▶ [WORK REQUEST] The records that follow are to be given again exactly. Do not carry over any image.

=== SUPPLIED DATA ===

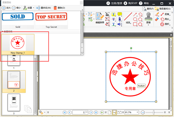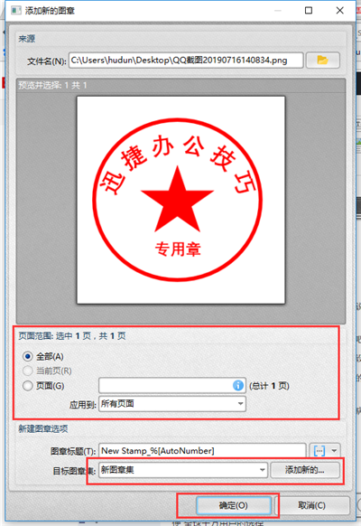 接下来我们选择应用范围,创建【新图章集】,点击确定我们就可以在图章调板看到我们的图章了~点击它,再放到我们的PDF文件里就可以啦!
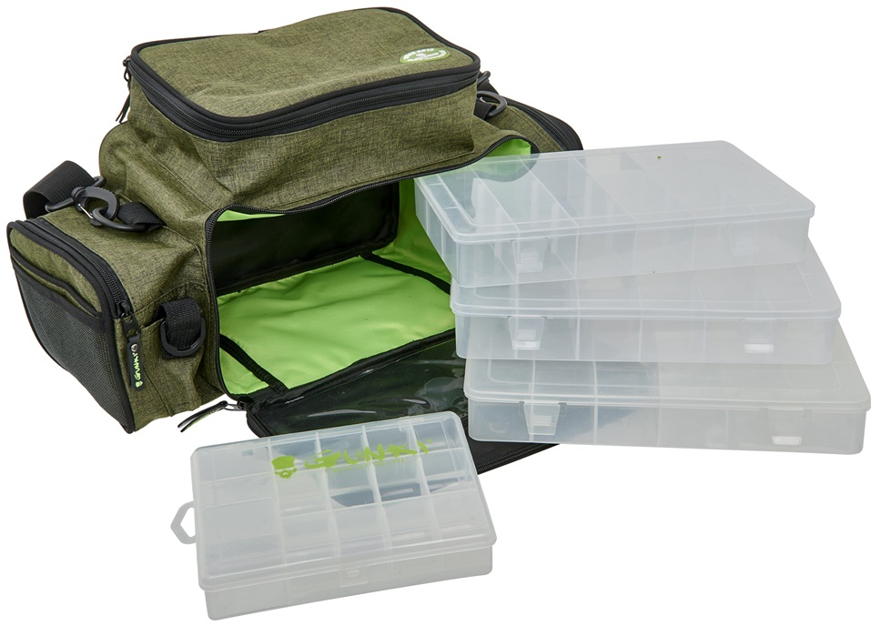 Taška pro uskladnění všeho potřebného na přívlač. Taška obsahuje hlavní komoru, tři vnější kapsy na zip, dvě síťové kapsy a držák kleští. Součástí hlavní komory jsou tři krabičky na nástrahy o rozměrech 27,5×19,5×4,5 cm. Horní komora navíc obsahuje krabičku na nástrahy 20×13,5×4 cm, která je velmi praktická pro uspořádání drobného příslušenství. Po...
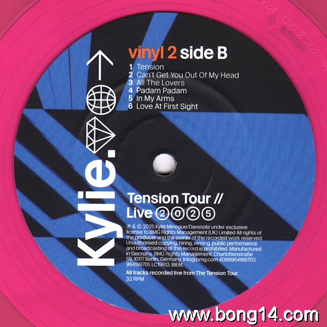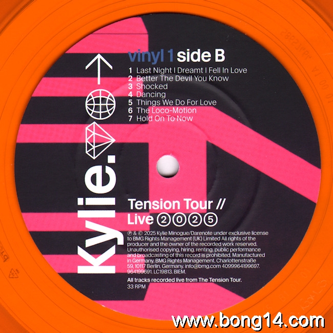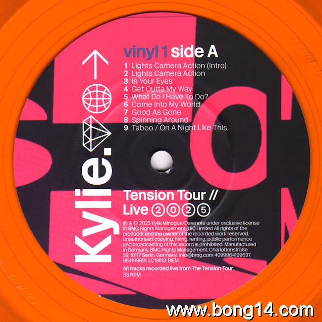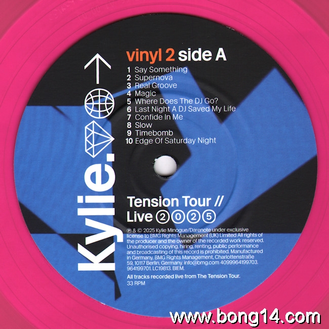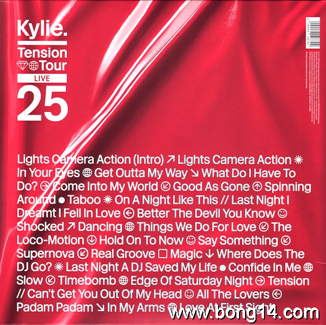LP/706: Kylie - Tension Tour // Live 2025 - EU - 2026 - BMG - 964198741 - 4099964198744         Matrixcode Seite 1: 58657464 A1 00 01 MILES. ABBEY ROAD. 1/2 SPEED. ROOM 30 [EcoRecord logo] ♳ PETMatrixcode Seite 2: XX XX 58657465 B1 01 01 MILES. ABBEY ROAD. 1/2 SPEED. ROOM 30 [EcoRecord logo] ♳ PETMatrixcode Seite 3: 58657466 A1 00 01 MILES. ABBEY ROAD. 1/2 SPEED. ROOM 30 [EcoRecord logo] ♳ PETMatrixcode Seite 4: 58657537 B1 00 01 MILES. ABBEY ROAD. 1/2 SPEED. ROOM 30 [EcoRecord logo] ♳ PET1: Lights Camera Action (Intro) - 00:002: Lights Camera Action - 00:003: In Your Eyes - 00:004: Get Outta My Way - 00:005: What Do I Have To Do? - 00:006: Come Into My World - 00:007: Good As Gone - 00:008: Spinning Around - 00:009: Taboo / On A Night Like This - 00:0010: Last Night I Dreamt I Fell In Love - 00:0011: Better The Devil You Know - 00:0012: Shocked - 00:0013: Dancing - 00:0014: Things We Do For Love - 00:0015: The Loco-Motion - 00:0016: Hold On To Now - 00:0017: Say Something - 00:0018: Supernova - 00:0019: Real Groove - 00:0020: Magic - 00:0021: Where Does The DJ Go? - 00:0022: Last Night A DJ Saved My Life - 00:0023: Confide In Me - 00:0024: Slow - 00:0025: Timebomb - 00:0026: Edge Of Saturday Night - 00:0027: Tension - 00:0028: Can't Get You Out Of My Head - 00:0029: All The Lovers - 00:0030: Padam Padam - 00:0031: In My Arms - 00:0032: Love At First Sight - 00:00 |
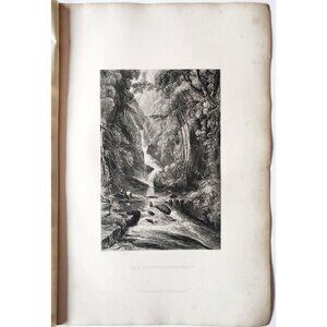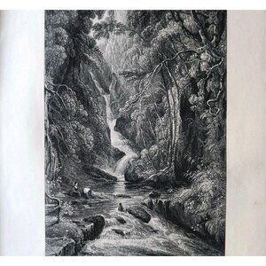 1844 Birks Of Aberfeldy Engraving Victorian Scotland Bathing Women DWSS19
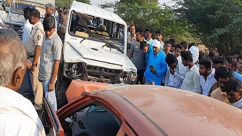 पालम (जि.परभणी) : पालम (Palam) तालुक्यातील पेठशिवणी जवळील डॉ.बाबासाहेब आंबेडकर मागासवर्गीय सूतगिरणीच्या समोरील राष्ट्रीय महामार्गावर रविवारी (ता.२६) जीप व क्रुझरच्या भीषण अपघातात एकाच कुटुंबातील चार व्यक्ती जागीच ठार झाले आहेत. क्रुझरमधील चार व्यक्ती गंभीर जखमी झाल्याची घटना घडली आहे. याबाबत सविस्तर वृत्त असे की तालुक्यातील खरब धानोरा येथील विवाहा सोहळा आटोपून क्रूझर ही लोहा-गंगाखेड या राष्ट्रीय महामार्गावरून गंगाखेडकडे (Gangakhed), तर कार पालमकडुन लोह्याकडे भरधाव वेगाने जात असताना या दोन्ही वाहनांनी समोरासमोर जोराची धडक दिल्याने झालेल्या भीषण अपघातात कारमधील चार जण (Parbhani) जागीच ठार झाले. मृत एकाच कुटुंबातील होते. अनिल लक्ष्मीकांत जहागिरदार (वय ५६), शांताबाई लक्ष्मीकांत जहागीरदार (७०), लक्ष्मीकांत देविदासराव जहागिरदार (७६), विलास साळवे ( ४७, सर्व रा. नांदेड) असे मृतांचे नावे आहेत. क्रुझरमधील मोहन शेटे (वय ३५), दिगंबर शिंगारे (४९), पंडित दयाळ (४६) यांच्यासह इतर सात ते आठ अशी गंभीर रित्या जखमी झाली आहेत. (Four People Of Nanded Residents Died In Accident In Parbhani)
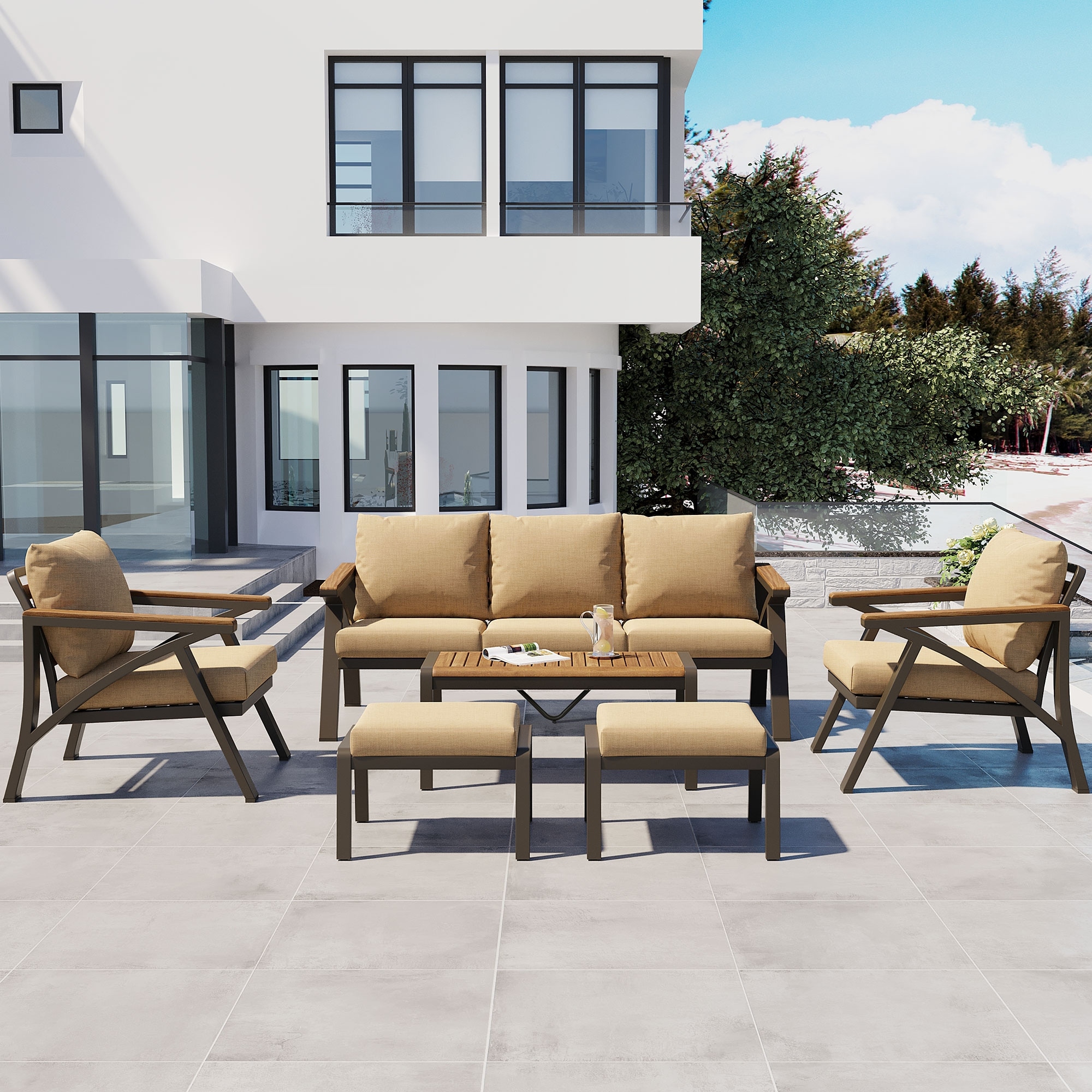 Christopher Knight Home - 6 Piece Conversation Set Steel Frame with Acacia Wood Coffee Table, Cushioned Seating & Ottomans

===

▶ [RESULT OF THE TASK]
 接下来我们选择应用范围,创建【新图章集】,点击确定我们就可以在图章调板看到我们的图章了~点击它,再放到我们的PDF文件里就可以啦!
 Taška pro uskladnění všeho potřebného na přívlač. Taška obsahuje hlavní komoru, tři vnější kapsy na zip, dvě síťové kapsy a držák kleští. Součástí hlavní komory jsou tři krabičky na nástrahy o rozměrech 27,5×19,5×4,5 cm. Horní komora navíc obsahuje krabičku na nástrahy 20×13,5×4 cm, která je velmi praktická pro uspořádání drobného příslušenství. Po...
LP/706: Kylie - Tension Tour // Live 2025 - EU - 2026 - BMG - 964198741 - 4099964198744         Matrixcode Seite 1: 58657464 A1 00 01 MILES. ABBEY ROAD. 1/2 SPEED. ROOM 30 [EcoRecord logo] ♳ PETMatrixcode Seite 2: XX XX 58657465 B1 01 01 MILES. ABBEY ROAD. 1/2 SPEED. ROOM 30 [EcoRecord logo] ♳ PETMatrixcode Seite 3: 58657466 A1 00 01 MILES. ABBEY ROAD. 1/2 SPEED. ROOM 30 [EcoRecord logo] ♳ PETMatrixcode Seite 4: 58657537 B1 00 01 MILES. ABBEY ROAD. 1/2 SPEED. ROOM 30 [EcoRecord logo] ♳ PET1: Lights Camera Action (Intro) - 00:002: Lights Camera Action - 00:003: In Your Eyes - 00:004: Get Outta My Way - 00:005: What Do I Have To Do? - 00:006: Come Into My World - 00:007: Good As Gone - 00:008: Spinning Around - 00:009: Taboo / On A Night Like This - 00:0010: Last Night I Dreamt I Fell In Love - 00:0011: Better The Devil You Know - 00:0012: Shocked - 00:0013: Dancing - 00:0014: Things We Do For Love - 00:0015: The Loco-Motion - 00:0016: Hold On To Now - 00:0017: Say Something - 00:0018: Supernova - 00:0019: Real Groove - 00:0020: Magic - 00:0021: Where Does The DJ Go? - 00:0022: Last Night A DJ Saved My Life - 00:0023: Confide In Me - 00:0024: Slow - 00:0025: Timebomb - 00:0026: Edge Of Saturday Night - 00:0027: Tension - 00:0028: Can't Get You Out Of My Head - 00:0029: All The Lovers - 00:0030: Padam Padam - 00:0031: In My Arms - 00:0032: Love At First Sight - 00:00 |
 1844 Birks Of Aberfeldy Engraving Victorian Scotland Bathing Women DWSS19
 पालम (जि.परभणी) : पालम (Palam) तालुक्यातील पेठशिवणी जवळील डॉ.बाबासाहेब आंबेडकर मागासवर्गीय सूतगिरणीच्या समोरील राष्ट्रीय महामार्गावर रविवारी (ता.२६) जीप व क्रुझरच्या भीषण अपघातात एकाच कुटुंबातील चार व्यक्ती जागीच ठार झाले आहेत. क्रुझरमधील चार व्यक्ती गंभीर जखमी झाल्याची घटना घडली आहे. याबाबत सविस्तर वृत्त असे की तालुक्यातील खरब धानोरा येथील विवाहा सोहळा आटोपून क्रूझर ही लोहा-गंगाखेड या राष्ट्रीय महामार्गावरून गंगाखेडकडे (Gangakhed), तर कार पालमकडुन लोह्याकडे भरधाव वेगाने जात असताना या दोन्ही वाहनांनी समोरासमोर जोराची धडक दिल्याने झालेल्या भीषण अपघातात कारमधील चार जण (Parbhani) जागीच ठार झाले. मृत एकाच कुटुंबातील होते. अनिल लक्ष्मीकांत जहागिरदार (वय ५६), शांताबाई लक्ष्मीकांत जहागीरदार (७०), लक्ष्मीकांत देविदासराव जहागिरदार (७६), विलास साळवे ( ४७, सर्व रा. नांदेड) असे मृतांचे नावे आहेत. क्रुझरमधील मोहन शेटे (वय ३५), दिगंबर शिंगारे (४९), पंडित दयाळ (४६) यांच्यासह इतर सात ते आठ अशी गंभीर रित्या जखमी झाली आहेत. (Four People Of Nanded Residents Died In Accident In Parbhani)
 Christopher Knight Home - 6 Piece Conversation Set Steel Frame with Acacia Wood Coffee Table, Cushioned Seating & Ottomans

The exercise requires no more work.